This extracted signal is arranged on the range-Doppler axis (fast-slow-time axis) for each N (N ≦ Nall) group of neighboring points. Next, inverse FFT processing (25) is performed on the arranged extraction points on each of the range axis (Na point) and the Doppler axis (Nb point). Thereby, a signal corresponding to the phase gradient of the target signal can be obtained on the range axis and the Doppler axis. These signals become the input vectors Xa (range axis) and Xb (Doppler axis) for the extended array processing (26 (26a and 26b in FIG. 3)).

Next, KR product array processing (see Non-Patent Document 1) is performed as extended array processing using the signals (Xa, Xb) of the input vectors. First, the correlation matrix can be expressed by the following equation.

When the left and upper end elements are vectorized, the following equation is obtained.

  If Xkra and Xkrb are used as the new extended array signals (Xa and Xb) and FFT processing (27 (27a and 27b in FIG. 3)) is performed on the range axis and the Doppler axis, high-resolution range-Doppler data is obtained. be able to.

  The above is the processing for one extracted point, and N range-Doppler data are obtained by repeating this N times corresponding to all the extracted points, and this is subjected to amplitude superposition (28). An outline of the above processing is shown in FIG. 4A is an ISAR image on the range-Doppler plane, FIG. 4B is a separated image for each extraction point (A to E), and FIG. 4C is an extended array using range axis IFFT, extended array processing, and range axis FFT. As a result of processing + imaging processing, (d) shows an ISAR image in which images of respective extraction points are superimposed.

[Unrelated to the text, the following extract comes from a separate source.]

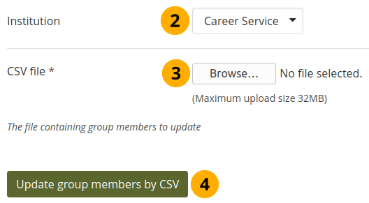 Both site and institution administrators can add and update group members by CSV file.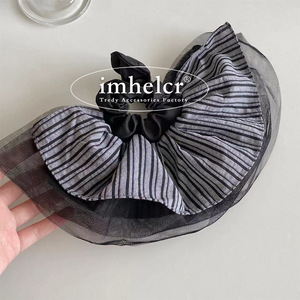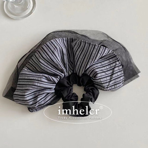 韩系条纹黑纱裙摆发圈高级设计感扎马尾头绳优雅气质头饰发绳皮筋

  As described above, according to the radar apparatus according to the present embodiment, after generating the range-Doppler image, the Nall points extracted by the amplitude threshold are separated into N (N ≦ Nall) groups of neighboring points, Each group is placed on the range-Doppler axis (fast-slow-time axis) and at least one of the range axis and the Doppler axis obtained by performing inverse FFT on each of the range axis (Nr point) and Doppler axis (Nd point) One extended array processing is applied to obtain 2Nr-1 (2Nd-1) points, and the expanded array processing axis is FFTed to form an image again. Get a good picture. That is, in each of different two-axis (A-axis and B-axis) signals, the target reflection point is separated by the range-Doppler axis and then subjected to an extended array process, so that even when there is a correlation like a radar target, High resolution of the range-Doppler axis can be achieved without generating a false target.

  Note that FIG. 3 is a diagram in the case of an on-board radar, but it is only necessary to obtain range-Doppler data (RD data), and an ISAR image is acquired when higher resolution is to be achieved. In addition, the radar apparatus may be a fixed radar (target is moving) as well as a case where the radar apparatus moves like an on-board radar. FIG. 4 shows the case where the extended array processing is applied to the range axis, but the same method can be applied to the Doppler axis. Further, in the present embodiment, the case has been described in which both the range axis and the Doppler axis are processed independently, but only one of the axes may be processed as necessary.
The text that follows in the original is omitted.